García et al (2000) studied genetic diversity in strains of Junin Virus from Central Argentina, derived from human and rodent isolates. The strains were grouped in three distinct clades: the first clade included 33 strains from the centre of the endemic area of AHF; the second clade contained four strains from Zárate (the north-eastern edge of the endemic area); the third group consisted of four strains from Melo and two nearby localities (south-west of the endemic area). We found no similar geographic structure of the genetic diversity, since haplotypes from Zárate and Melo exhibited no particular clustering.

As mentioned before, the incidence of the disease can be high for 5–10 years and then it slowly declines or disappears (‘historic’ areas) (Enría et al, 1998). A close relationship between population ‘flushes’ of C. musculinus and the increment of AHF cases has been observed; after population ‘crashes’ in winter or during harvest, a bottleneck in the viral populations would also occur (Mills et al, 1992). As our results indicate, genetic drift in these periods would randomly differentiate the geographic distribution of C. musculinus haplotypes. The same process would also promote random differentiation of Junin virus strains and a decrease in horizontal transmission among rodents, which would contribute to the reduction of the virulence of the pathogen in ‘historic’ areas (Calderón, 2004).

Using allozymes as genetic markers, Chiappero et al (2002) estimated that the effective number of migrants (Nm) was between 2.9 and infinity for populations of C. musculinus from the Humid Pampa, with significant overall differentiation populations (θ=0.020; P<0.01).

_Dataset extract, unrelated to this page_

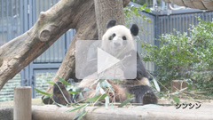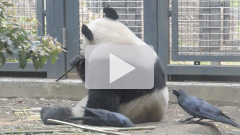 カラスにつつかれるリーリー、竹を食べるシンシン。

The authors did not find correlation between genetic and geographic distances, suggesting that the species has expanded its range relatively recently. In the present study, when the eight nearby populations from the endemic area of AHF were considered, a low but significant r value was obtained. Hutchison and Templeton (1999) proposed four models to summarise hypothetical relationships between geographic and genetic distances, taking into account the scattering of points in a pairwise representation. Model IV predicts a stronger relative influence of genetic drift than gene flow at greater distances of geographic separation (as indicated by highly scattered points); gene flow would be more effective than drift between neighbouring populations (little scatter of points over shorter distances). Our results fit this model (Figure 3).

Figure 3
figure 3

Scatterplot of pairwise genetic distances vs. natural logarithm of geographic distances (in km) between close populations of Calomys musculinus from the endemic area of AHF.

The limits of the endemic area of AHF are defined by the occurrence of the disease in humans, but infected rodents have been detected beyond those limits (Enría et al, 1998). Given the predominance of current genetic drift over gene flow in reservoir populations, as indicated by the results presented here and those of previous papers (Chiappero et al, 2002; Chiappero and Gardenal, 2003), a steady and uniform expansion of the geographic range of infection by Junin virus would be unexpected. Our results support the hypothesis that focal emergence or re-emergence of the disease is likely to occur in localities where the pathogen has been detected and where habitat modifications by human activities, combined with favourable weather conditions, determine sudden increases in C. musculinus population density (Mills et al, 1992; Calderón, 2004). These would increase the probability of horizontal transmission of Junin virus.

According to de Villafañe and Bonaventura (1987), C. musculinus individuals rarely move more than 200 m, which suggests a low dispersal capacity in the species. A microgeographic-scale study using microsatellites is in progress in our laboratory with the aim of increasing our understanding of patterns of migration of the rodent, since this is one of the factors that must be considered in order to explain the expansion and changing incidence of the AHF.